I woke up at 1pm, looked in the mirror and fist pumped...I might still be drunk
the last thing i remember is you screaming lets hunt humans.
Just got head while drinking hot cocoa and eating cookies. Never in my life have I felt more like santa claus
I swear he shrunk like 2 inches. Remind me that drunk sex needs to remain drunk sex.
She clogged the toilet and got it out with a seven eleven bag. I tried to tell her no but she was convinced that was the logical thing to do.
someone just laughed at me while i'm laying on the floor waiting for the bus. like they've never been hungover.
Ohh man. That was a snatch-waxer with a score to settle.
Just tried to dig out holes in my mattress for my boobs so I could be comfortable lying down on my stomach
I'm dressed as a caveman and drunk so that's not really an option
The last thing I searched on my phone was "leave in conditioner on cats." This is where my life is.

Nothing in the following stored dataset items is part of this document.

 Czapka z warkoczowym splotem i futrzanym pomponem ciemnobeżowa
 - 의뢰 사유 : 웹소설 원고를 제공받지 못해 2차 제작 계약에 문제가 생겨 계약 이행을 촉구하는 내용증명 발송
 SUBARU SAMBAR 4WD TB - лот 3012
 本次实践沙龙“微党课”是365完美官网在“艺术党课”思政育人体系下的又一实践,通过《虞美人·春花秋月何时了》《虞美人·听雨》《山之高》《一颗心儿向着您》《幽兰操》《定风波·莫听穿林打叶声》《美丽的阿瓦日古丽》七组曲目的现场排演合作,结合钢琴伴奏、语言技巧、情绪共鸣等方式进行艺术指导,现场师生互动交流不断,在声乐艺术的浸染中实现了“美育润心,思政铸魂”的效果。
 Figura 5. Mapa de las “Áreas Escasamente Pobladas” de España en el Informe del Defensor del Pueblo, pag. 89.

Well I had to use a seat cushion at Soul Cycle today so, yeah, I'd say the sex was good
also I saw his dick in the morning light and it was glorious. Like staring upon your birthday cake you ordered from heaven and going " can't wait to eat that later"
You carved your initals into all my vitamins and said "now a small part of me will be in you every morning" before you fell asleep with my thong on your head.
When he identified himself as captain clitoris i knew my night was fucked.
Remember when I was real fucked up and said I would give up utensils and only use chopsticks for lent?...just got the reminder on my phone.